● **Work item**
Reproduce the listing in full. Omit the pictures.

● **Information supplied**
____

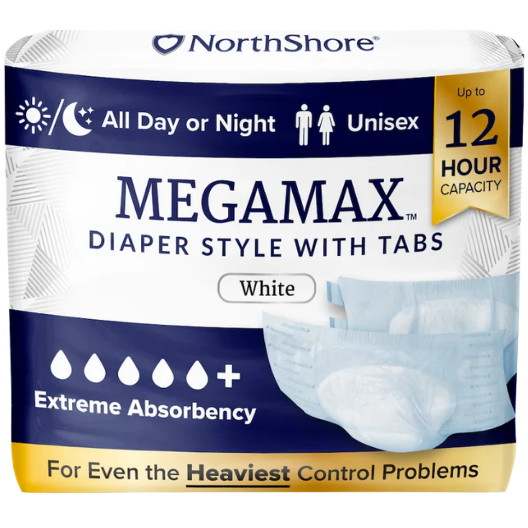 | NorthShore MEGAMAX Adult Diapers | Tranquility All-Through-The-Night Briefs | Abena Abri-Form White Foil Comfort Briefs |
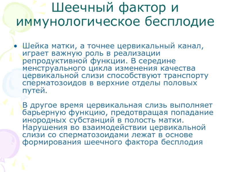 Слайд 23Шеечный фактор и иммунологическое бесплодие
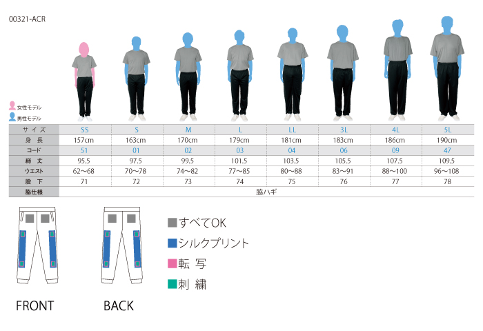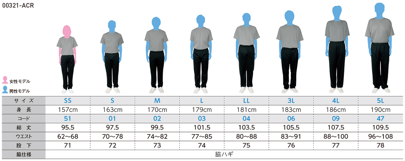 SS~5Lまでの8サイズ・5色展開
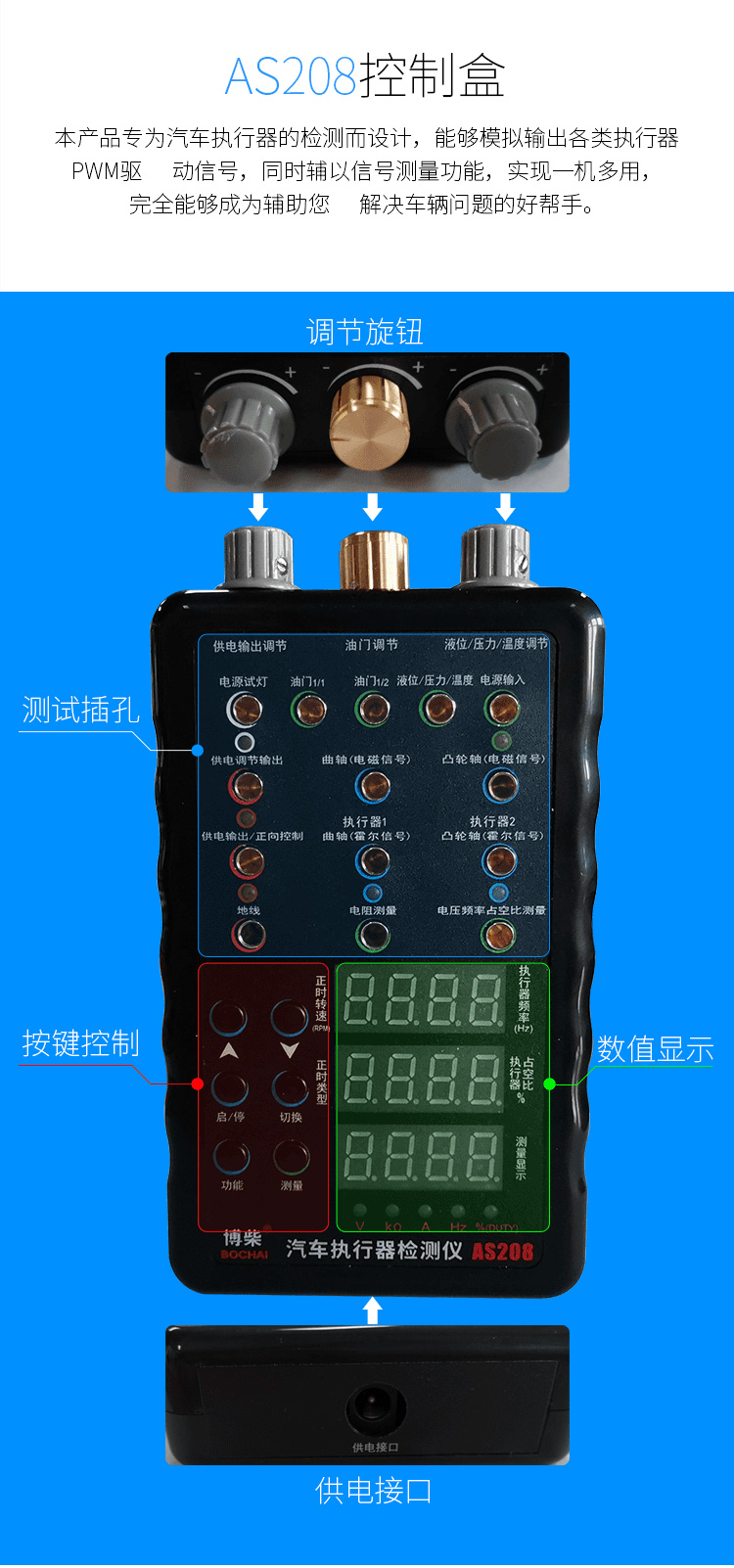 博柴AS208信號(hào)模擬發(fā)生器可以說真正做到一機(jī)在手修車無憂,更多產(chǎn)品信息請(qǐng)關(guān)注測(cè)神電控之家公眾號(hào)DKZJ360或致電4009965230咨詢。

____

● **Your solution**
 | NorthShore MEGAMAX Adult Diapers | Tranquility All-Through-The-Night Briefs | Abena Abri-Form White Foil Comfort Briefs |
 Слайд 23Шеечный фактор и иммунологическое бесплодие
 SS~5Lまでの8サイズ・5色展開
 博柴AS208信號(hào)模擬發(fā)生器可以說真正做到一機(jī)在手修車無憂,更多產(chǎn)品信息請(qǐng)關(guān)注測(cè)神電控之家公眾號(hào)DKZJ360或致電4009965230咨詢。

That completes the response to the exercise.